Putin traça estratégias para 2023
No dia em que a guerra contra a Ucrânia completou 300 dias, o presidente da Rússia, Vladimir Putin, comandou, ontem, uma reunião ampliada do ministério russo da Defesa para definir as metas de 2023. Durante o encontro, o líder do Kremlin afirmou que continuará a desenvolver o potencial militar, incluindo a "preparação de combate" de suas forças nucleares, no contexto da ofensiva contra o país vizinho e da crise com o Ocidente.
"As Forças Armadas e suas capacidades de combate aumentam constantemente a cada dia. E vamos desenvolver esse processo, é claro", disse Putin durante uma reunião com os principais comandantes do exército. "Continuaremos a manter e melhorar a preparação de combate da nossa tríade nuclear" (mísseis lançados de silos terrestres, de submarinos de navegação e de aeronaves aéreas), acrescentou.
O líder russo também destacou o novo míssil de cruzeiro hipersônico Zircon, que as tropas russas poderão começar a usar no início do ano. "No início de janeiro, a fragata 'Almirante Gorshkov' será equipada com o novo míssil Zircon, que não tem equivalente no mundo", disse Putin.

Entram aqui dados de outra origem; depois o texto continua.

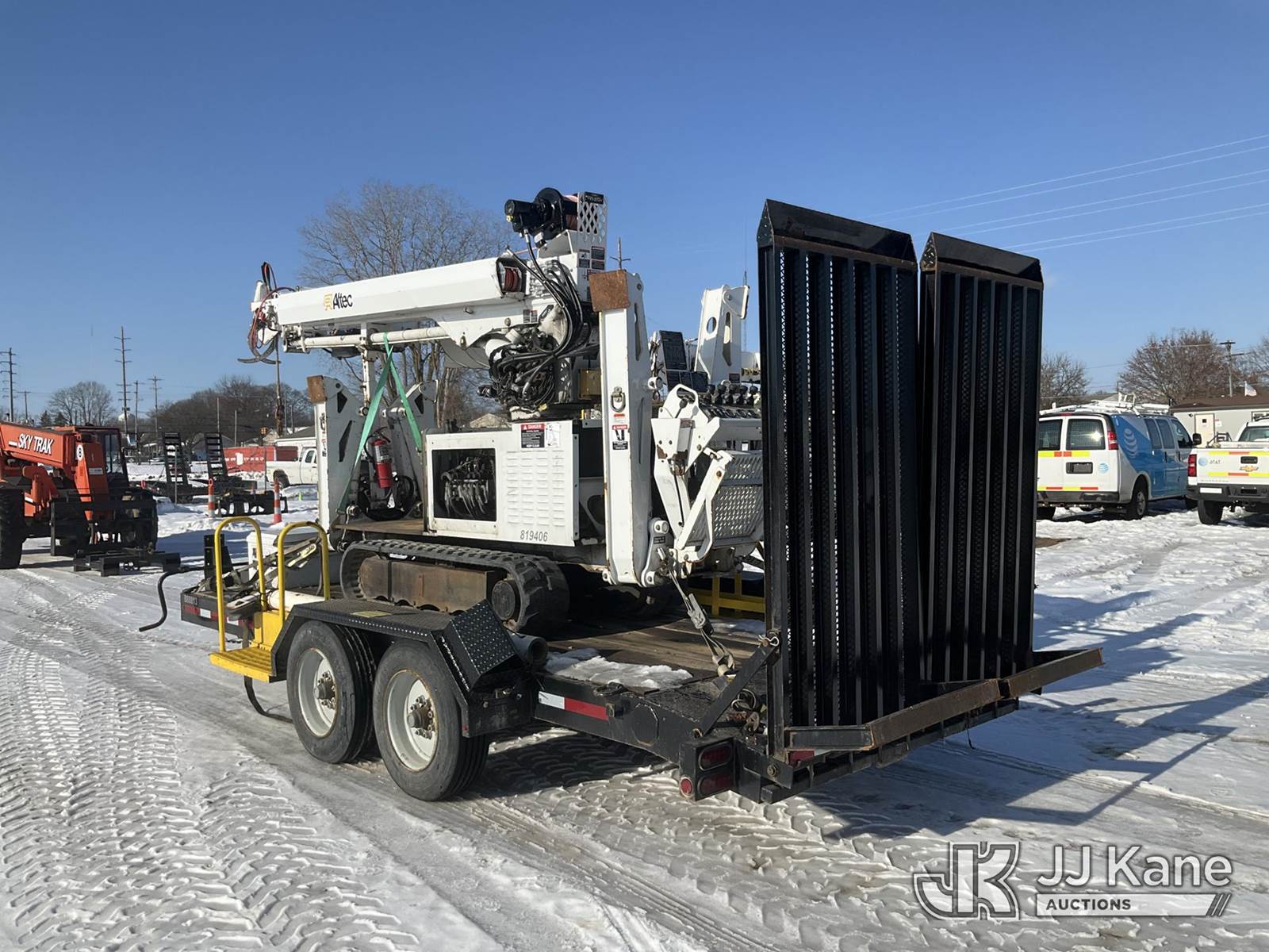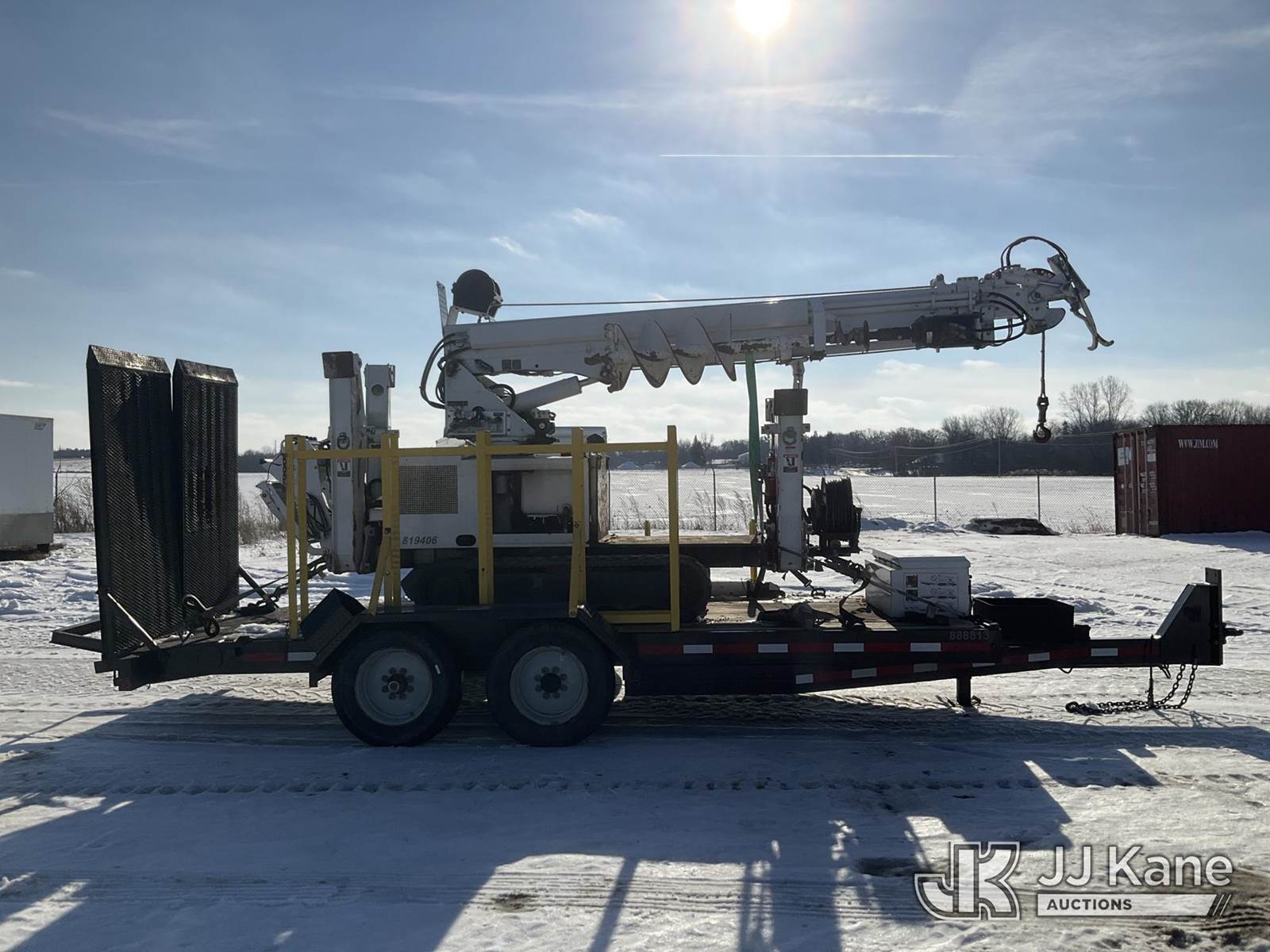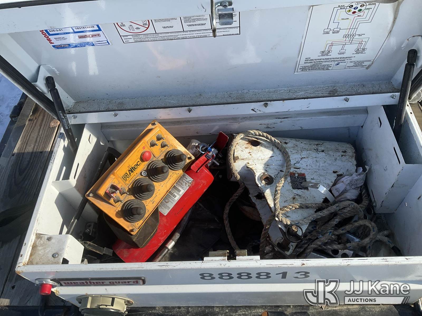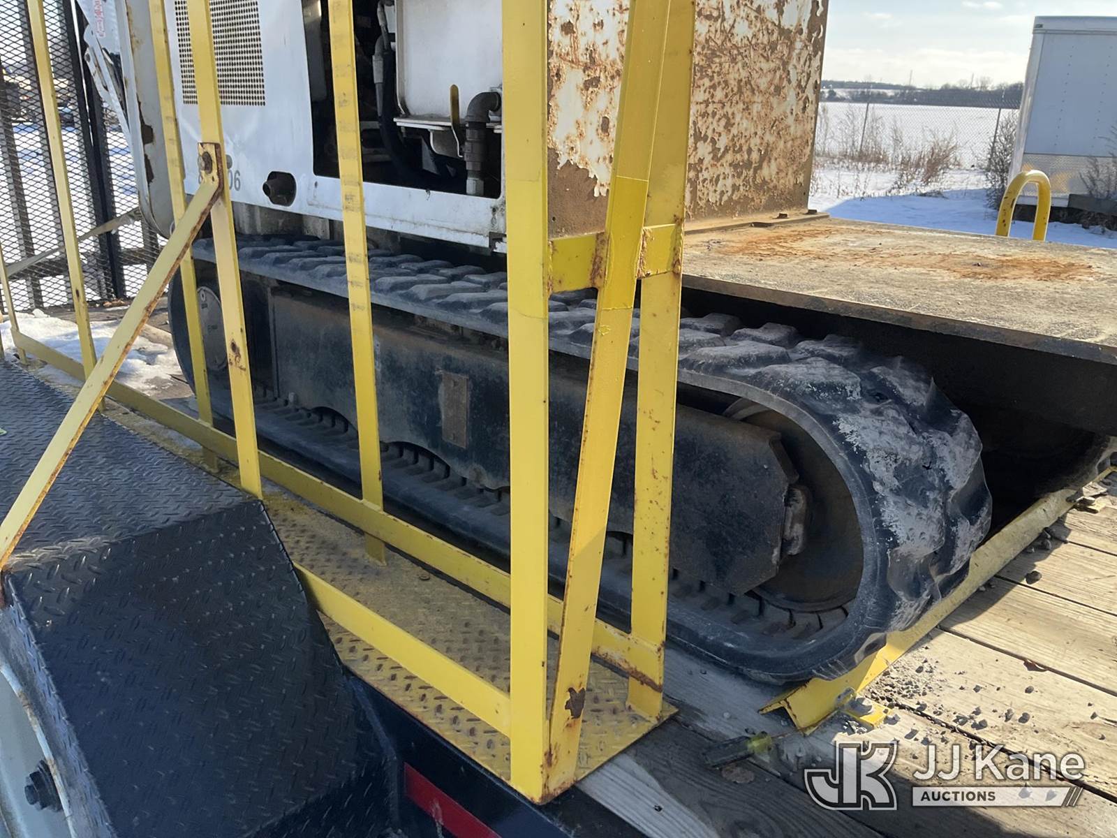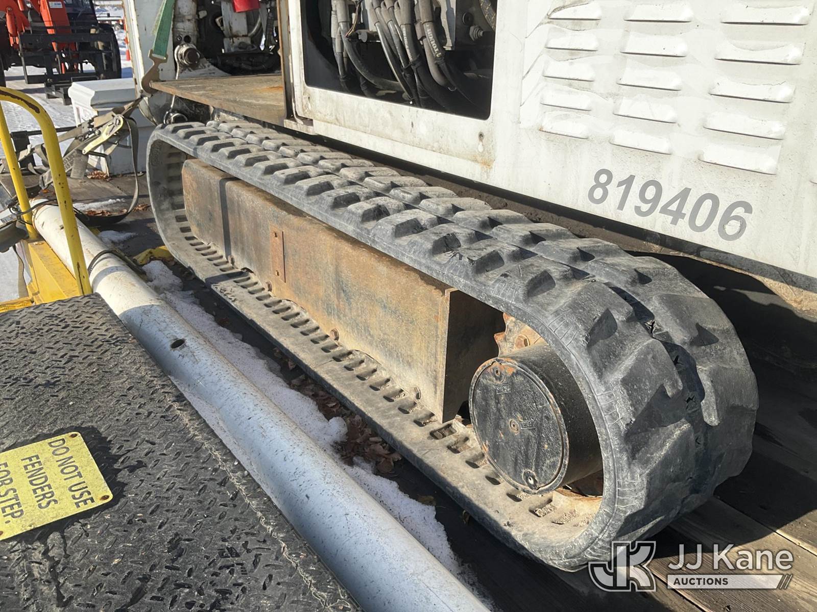 Altec DB37, 3,800 Lb Back Yard Digger Derrick s/n 0614ET0640, with 37 ft. sheave height, 8 ft. pin on jib, three section hydraulic boom, heel winch, pole guides, auger, mounted on 2014 Altec Crawler Back Yard Carrier, Kubota Hydraulic Drive, diesel, with wireless remote (condition unknown), rubber tracks, four hydraulic outriggers, sells with support trailer ID 1569448 (Runs, Does Not Move, Upper Condition Unknown) (Red Tagged, Damage to Rotation Gear, Damage to Upper Boom, Jump to Start, Engine Cover Panels Missing) (**Dealer Only** Seller states this item has been removed from service due to the listed safety repairs that were not completed. The safety items below must be completed by an approved upper OEM facility before the unit can return to service: UNIT INVOLVED IN ROLLOVER INCIDENT; REQUIRES MAJOR UNIT DAMAGE INSPECTION; COMPLETE ANY REQUIRED TESTING AND REPAIRS AFTER INSPECTIONS ARE COMPLETED.) (Bidding Restricted to Licensed Vehicle Dealers Only), NOTE: This unit is being sold AS IS/WHERE IS via Timed Auction and is located in Charlotte, MI. Inspection & preview days for this unit are the 2 business days prior to the first day of items closing for this auction, item is located at 750 Island Hwy Charlotte, MI 48813 and hours of operations are 8a-4p. For pre-sale questions, please contact Corey Cook at (517) 983-0796 or corey.cook@jjkane.com (Manuals provided in cab) (Buyer is responsible for removal. Assistance by consignor or JJ Kane Auctions is not assured.)

O conflito, que completa 10 meses na véspera de Natal, é uma "tragédia compartilhada", nos termos do presidente, mas da qual a Rússia não é responsável. "Não é o resultado da nossa política, é o resultado da política de terceiros países", afirmou.
Por sua vez, o ministro da Defesa russo, Sergei Shoigu, assinalou que as tropas russas lutam na Ucrânia contra as "forças conjuntas do Ocidente". Uma das prioridades, disse, será "prosseguir com a operação especial (na Ucrânia) até ter alcançado todas as suas metas".

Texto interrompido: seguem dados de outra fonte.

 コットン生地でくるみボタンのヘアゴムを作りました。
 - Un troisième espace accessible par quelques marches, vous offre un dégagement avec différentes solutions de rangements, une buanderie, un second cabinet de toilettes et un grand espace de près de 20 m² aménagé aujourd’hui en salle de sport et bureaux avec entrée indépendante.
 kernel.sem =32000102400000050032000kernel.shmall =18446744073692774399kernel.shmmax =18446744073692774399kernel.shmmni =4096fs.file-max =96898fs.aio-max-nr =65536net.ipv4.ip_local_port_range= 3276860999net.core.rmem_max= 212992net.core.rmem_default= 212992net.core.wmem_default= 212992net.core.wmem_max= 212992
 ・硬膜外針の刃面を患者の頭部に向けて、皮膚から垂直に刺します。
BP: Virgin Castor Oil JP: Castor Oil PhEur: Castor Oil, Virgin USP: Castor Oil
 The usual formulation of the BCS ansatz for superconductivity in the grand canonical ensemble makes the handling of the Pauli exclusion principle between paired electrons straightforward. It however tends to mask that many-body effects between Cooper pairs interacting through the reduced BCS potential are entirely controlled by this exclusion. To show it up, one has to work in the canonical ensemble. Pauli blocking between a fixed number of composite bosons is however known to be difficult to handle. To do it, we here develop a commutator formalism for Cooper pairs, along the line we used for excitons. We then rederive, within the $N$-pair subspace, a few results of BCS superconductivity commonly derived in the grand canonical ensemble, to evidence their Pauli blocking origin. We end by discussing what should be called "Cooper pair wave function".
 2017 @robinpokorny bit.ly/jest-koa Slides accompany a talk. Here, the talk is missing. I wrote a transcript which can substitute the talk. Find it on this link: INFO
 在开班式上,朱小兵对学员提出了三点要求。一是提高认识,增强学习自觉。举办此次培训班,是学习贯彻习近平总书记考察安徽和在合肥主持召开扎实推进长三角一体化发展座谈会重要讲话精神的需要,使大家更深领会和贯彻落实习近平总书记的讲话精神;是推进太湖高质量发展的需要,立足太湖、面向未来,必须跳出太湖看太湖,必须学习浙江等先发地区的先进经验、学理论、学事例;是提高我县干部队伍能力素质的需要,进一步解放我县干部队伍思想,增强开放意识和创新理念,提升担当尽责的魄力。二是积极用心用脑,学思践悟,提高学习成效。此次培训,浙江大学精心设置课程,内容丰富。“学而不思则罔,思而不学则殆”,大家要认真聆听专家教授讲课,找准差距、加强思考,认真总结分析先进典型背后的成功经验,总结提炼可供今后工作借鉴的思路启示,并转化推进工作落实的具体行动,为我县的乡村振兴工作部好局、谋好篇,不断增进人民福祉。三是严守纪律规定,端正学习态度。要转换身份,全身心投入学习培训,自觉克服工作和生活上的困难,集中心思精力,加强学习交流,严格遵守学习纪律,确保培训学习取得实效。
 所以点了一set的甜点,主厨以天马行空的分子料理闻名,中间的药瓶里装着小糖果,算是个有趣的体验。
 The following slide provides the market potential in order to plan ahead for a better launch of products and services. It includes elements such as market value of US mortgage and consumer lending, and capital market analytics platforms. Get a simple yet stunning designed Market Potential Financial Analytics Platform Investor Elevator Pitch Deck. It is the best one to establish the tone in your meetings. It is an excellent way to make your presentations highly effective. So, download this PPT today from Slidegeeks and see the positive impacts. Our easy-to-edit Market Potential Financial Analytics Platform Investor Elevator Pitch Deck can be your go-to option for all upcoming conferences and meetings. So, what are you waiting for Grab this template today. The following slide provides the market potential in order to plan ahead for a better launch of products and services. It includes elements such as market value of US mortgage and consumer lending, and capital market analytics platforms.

Nesse contexto, ele considerou ser "necessário" aumentar o efetivo das tropas para 1,5 milhão de soldados e elevar o limite de idade para o serviço militar. Shoigu também anunciou que Moscou planeja estabelecer bases navais para apoiar sua frota em Mariupol e Berdiansk, duas cidades no Mar de Azov que a Rússia ocupa no sul da Ucrânia.
"Os portos de Berdiansk e Mariupol estão totalmente operacionais. Planejamos estabelecer bases lá para navios de apoio, serviços de resgate de emergência e unidades de reparo naval", afirmou.
Por fim, Putin garantiu que Moscou não está tendo nenhum problema em financiar sua campanha militar, a despeito das numerosas sanções ocidentais. "Não temos limitações de financiamento. O país e o governo dão tudo o que o Exército pede. Realmente tudo!", assinalou o presidente russo, que, em setembro, decretou uma mobilização parcial após uma série de contratempos no terreno na Ucrânia.